Table of contents
Learn programs and algorithms, and you will not be afraid to travel all over the world!
——Guo Wei
Chapter 1 Enumeration
- Enumeration is a problem-solving strategy based on trying answers one by one.
Example 1 perfect cube
Question: An equation of the form a3 = b3 + c3 + d3 is called a perfect cubic equation.

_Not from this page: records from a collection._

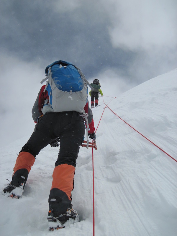 Droga na Przełęcz Północną. Dwie liny poręczowe – rozpięte w ten sposób, by w najtrudniejszych momentach ci, którzy idą z góry, mogli bez problemu wymijać tych, którzy idą z dołu.
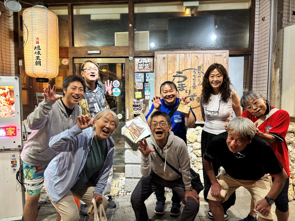 宮古島の陸も毎日堪能させていただきました。みなさんで「たのしーさー」とパチリ!
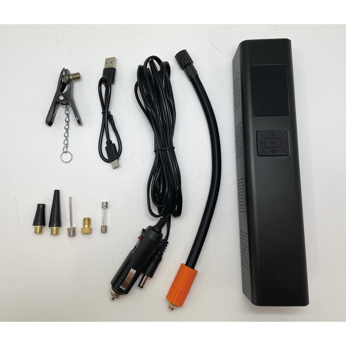 6,000mAhの大容量バッテリーで、タイヤにすると約10本分の空気入れに対応します。夜間作業に便利なLEDライト付。
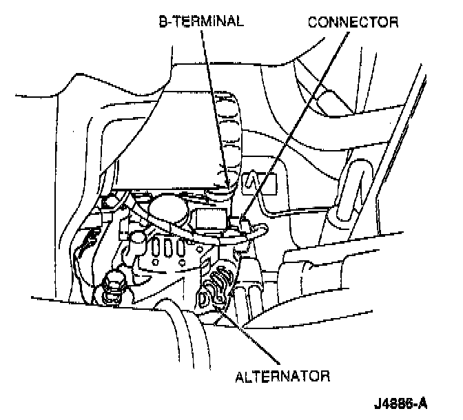 3. Disconnect the wiring terminals from the back of the alternator. The stator and the field wiring terminals are push-on type. After depressing the lock tab, the push-on type terminal should be pulled straight off to prevent damage.
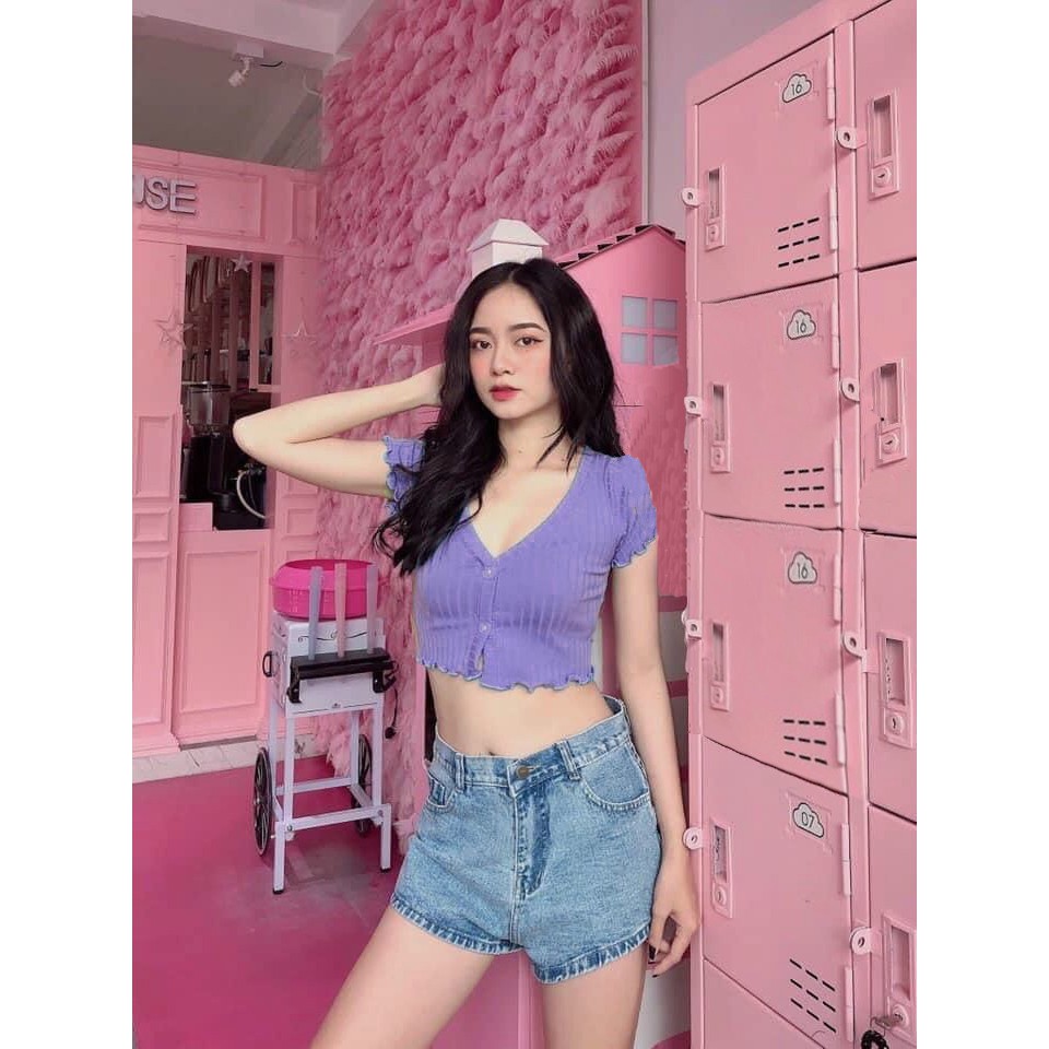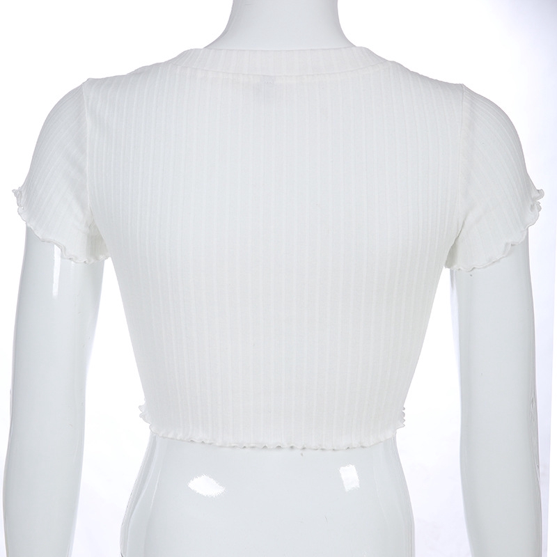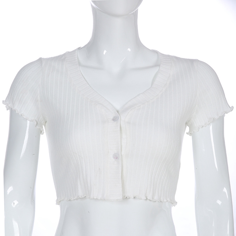 WEANIA Button Front Lettuce Hem Rib Knit Crop Top

For example 123= 63 + 83 + 103. Write a program to find all quadruples (a, b, c, d) for any given positive integer N (N≤100), such that a3 = b3 + c3 + d3, where a, b, c, d Greater than 1, less than or equal to N, and b<=c<=d.
I write:
#include <iostream>
#include <cmath>
using namespace std;
bool test(int a,int b,int c,int d);
int main()
{
cout << "please enter number N" << endl;
int N;
cin >> N;
int a, b, c, d;
for(a=1;a<=N;a++)
{
for(b=1;b<=N;b++)
{
for(c=b;c<=N;c++)
{
for(d=c;d<=N;d++)
{
if(test(a,b,c,d))
{
printf("Cube = %d, Triple = (%d,%d,%d)\n", a,b,c,d);
}
else
{
continue;
}
}
}
}
}
}
bool test(int a,int b,int c,int d)
{
if(pow(a,3) == pow(b,3)+pow(c,3)+pow(d,3))
{
return 1;
}
else
{
return 0;
}
}
mark answer:
#include <iostream>
#include <cstdio>
using namespace std;
int main()
{
int N;
scanf("%d", &N);
for (int a = 2; a <= N; ++a)
for (int b = 2; b < a; ++b)
for (int c = b; c < a; ++c)
for (int d = c; d < a; ++d)
if (a * a * a == b * b * b + c * c * c + d * d * d)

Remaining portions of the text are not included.